This example can be communicated to a user agent by adding the hash to a script element, like so:

<script src="https://code.jquery.com/jquery-1.10.2.min.js"
        integrity="sha256-C6CB9UYIS9UJeqinPHWTHVqh/E1uhG5Twh+Y5qFQmYg=">

Scripts, of course, are not the only resource type which would benefit from integrity validation. The scheme specified here applies to all HTML elements which trigger fetches, as well as to fetches triggered from CSS and JavaScript.

1.1 Goals

  1. Compromise of the third-party service should not automatically mean compromise of every site which includes its scripts. Content authors will have a mechanism by which they can specify expectations for content they load, meaning for example that they could load a specific script, and not any script that happens to have a particular URL.

  2. The verification mechanism should have reporting functionality which would inform the author that an invalid resource was downloaded. Further it should be possible for an author to choose to run only the reporting functionality, allowing potentially corrupt resources to run on her site, but flagging violations for manual review.

1.2 Use Cases/Examples

1.2.1 Resource Integrity

  • An author wishes to use a content delivery network to improve performance for her globally-distributed users. She wishes to ensure, however, that the CDN’s servers deliver only the code she expects them to deliver. She can mitigate the risk that CDN compromise (or unexpectedly malicious behavior) would change her code in unfortunate ways by adding integrity metadata to the link element included on her page:

    Example 1
    <link rel="stylesheet" href="https://site53.cdn.net/style.css"
          integrity="sha256-SDfwewFAE...wefjijfE">
  • An author wants to include JavaScript provided by a third-party analytics service on her site. She wants, however, to ensure that only the code she’s carefully reviewed is executed. She can do so by generating integrity metadata for the script she’s planning on including, and adding it to the script element she includes on her page:

    Example 2
    <script src="https://analytics-r-us.com/v1.0/include.js"
            integrity="sha256-SDfwewFAE...wefjijfE"></script>
  • A user agent wishes to ensure that pieces of its UI which are rendered via HTML (for example, Chrome’s New Tab Page) aren’t manipulated before display. Integrity metadata mitigates the risk that altered JavaScript will run in these page’s high-privilege context.
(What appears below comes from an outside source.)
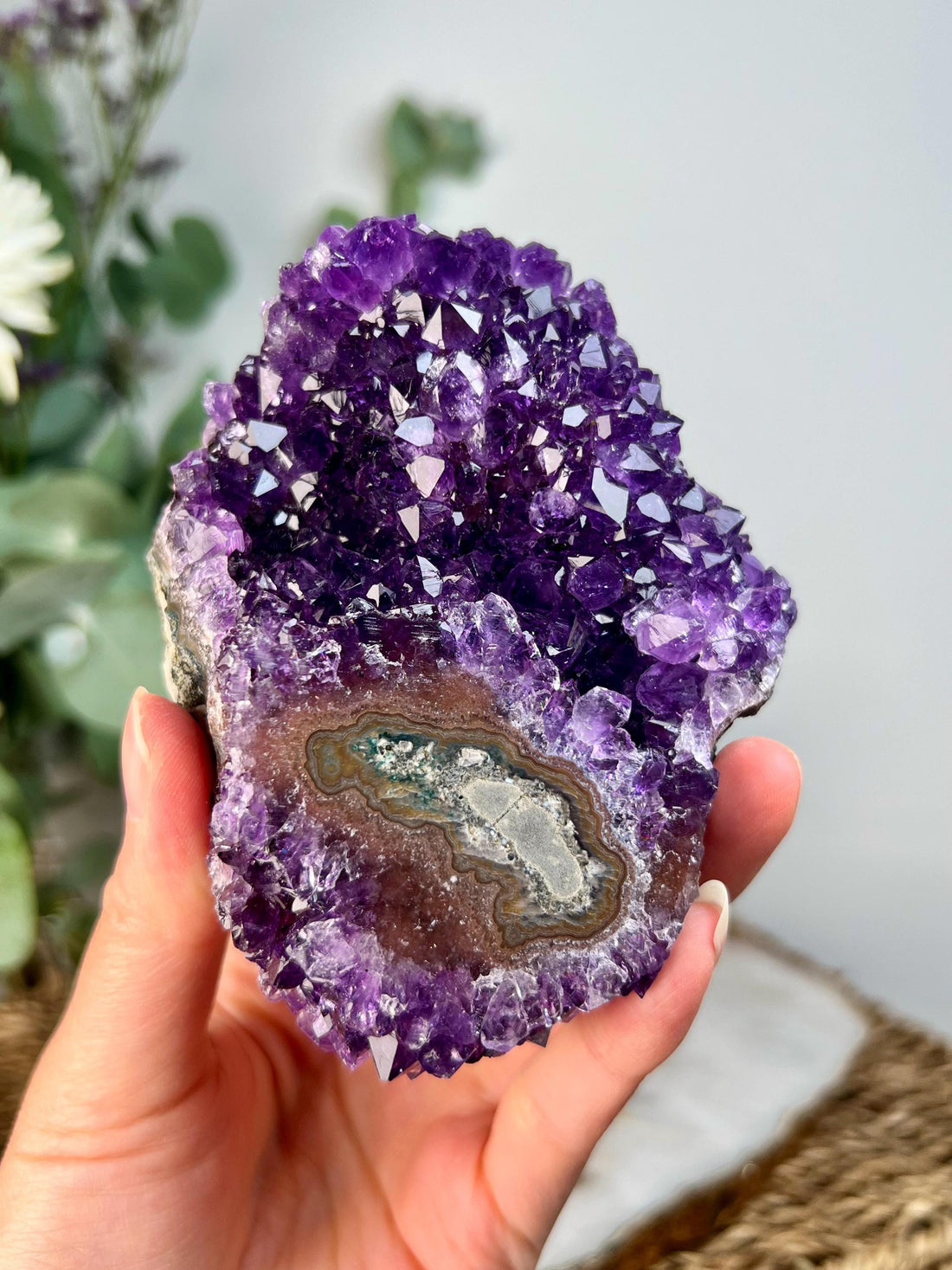 Discover the rare beauty of Uruguay Stalactite crystals—natural wonders formed over millions of years. Each piece is a unique slice of crystal history, showcasing striking formations in deep purple or vibrant rainbow amethyst hues. Known for their heart-opening and intuitive properties, these high-frequency gems radiate peace, clarity, and divine harmony. All pieces are ethically sourced, hand-selected for exceptional quality, and energetically activated to support your healing journey.

  • The author of a mash-up wants to make sure her creation remains in a working state. Adding integrity metadata to external subresources defines an expected revision of the included files. The author can then use the reporting functionality to be notified of changes to the included resources.

2. Conformance

As well as sections marked as non-normative, all authoring guidelines, diagrams, examples, and notes in this specification are non-normative. Everything else in this specification is normative.

The key words MAY, MUST, and SHOULD are to be interpreted as described in [RFC2119].

Conformance requirements phrased as algorithms or specific steps can be implemented in any manner, so long as the end result is equivalent. In particular, the algorithms defined in this specification are intended to be easy to understand and are not intended to be performant. Implementers are encouraged to optimize.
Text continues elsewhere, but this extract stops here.